Example 2: CDK4 Modification Profiles Vary in Breast Tumors and are to Some Extent Associated with the Molecular Subtype of the Breast Tumor

The 2D gel electrophoresis assay was adapted to tumor samples to show that modified and native CDK4 can be extracted from 5 to 7 tumor samples cryosections (7 μm thickness) in urea buffer.

The same three main forms of CDK4 as those resolved in samples of breast cancer cell lines were also detected in tumor or normal breast samples (FIG. 6). The most acidic CDK4 form detected in breast tumor samples was identified as phosphorylated CDK4 using a T172-phosphospecific CDK4 antibody.

The relative abundances of the different CDK4 forms were compared in samples extracted from normal breast obtained from mammary reduction and from an exploratory cohort of 19 breast tumors for which the clinical records and microarray data were accessible (Dedeurwaerder et al., 2011, EMBO Mol Med, 3, 726-41). Three types of profiles were consistently observed in this cohort (FIG. 6). In normal breast as in most PD0332991-insensitive breast cancer cell lines, only the basic unmodified form 1 and the unidentified CDK4 form 2 were detected (FIG. 6, upper panel). Surprisingly, in 4 tumors, the same profile (referred to herein as CDK4 modification profile 1) was observed despite a high proliferation index. In another subset of 9 tumors, also characterized with a high proliferation rate, a CDK4 modification profile (referred to herein as CDK4 modification profile 2) was observed similar to the sensitive breast cancer cells lines.

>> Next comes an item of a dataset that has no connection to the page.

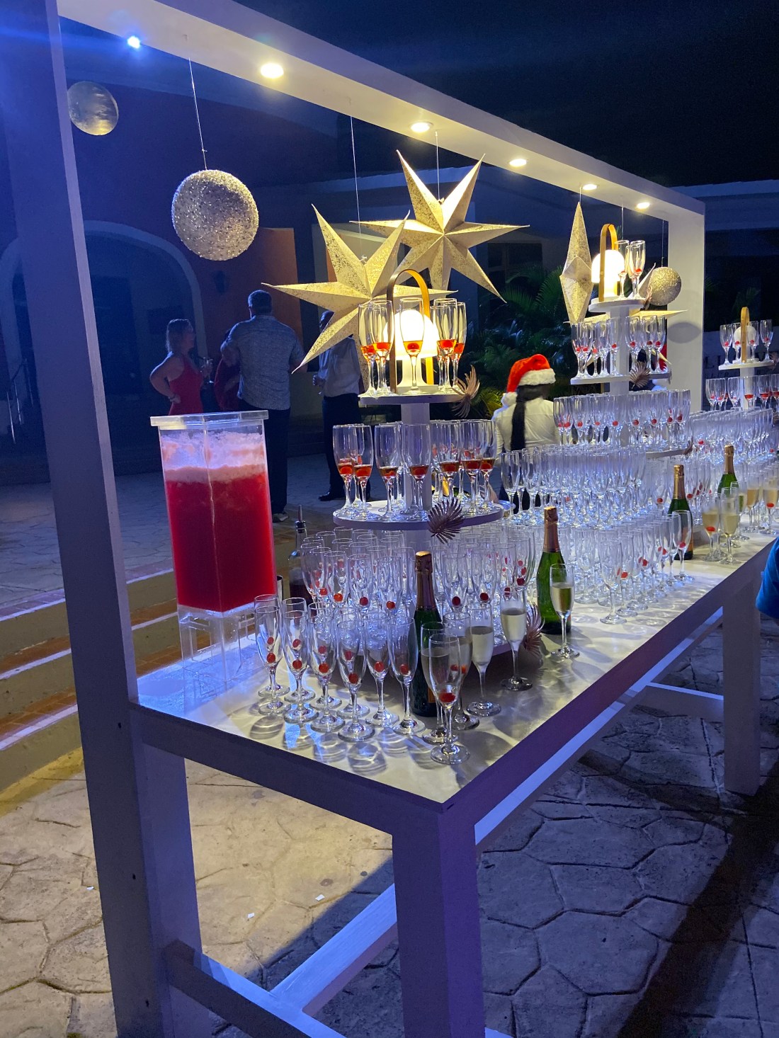 Allra först var det förresten jul-fördrink på plazan. Alla de klassiska julelementen: tre vise män, Jesusbarnet och så champagnebaren🥂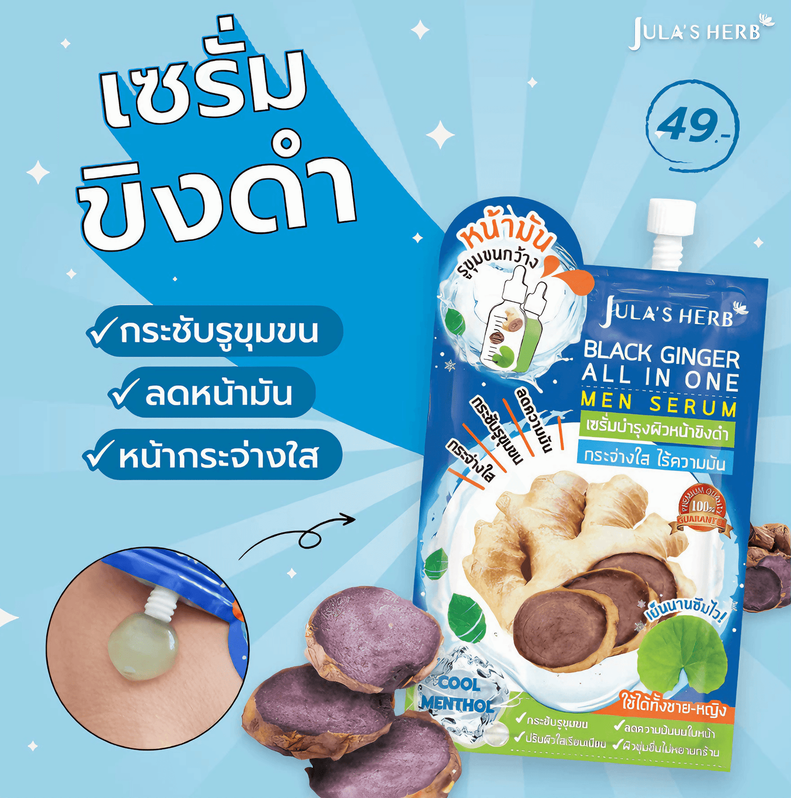סרום ייחודי לגברים המשלב ג'ינג'ר שחור, קירור מנטה ורכיבים טבעיים להזנה וטיפול בעור שומני או עם נקבוביות פעורות

In this second profile, both the phosphorylated form 3 and unidentified CDK4 form 2 were detected but the phosphorylated form was fairly abundant, and reached at least 90% of the intensity of the intermediate form. Finally, in a third group of 6 tumors, the phosphorylated form was also detected but in contrast to breast cancer cell lines, its abundance was much lower than the one of the unidentified CDK4 form 2 (referred to herein as CDK4 modification profile 3).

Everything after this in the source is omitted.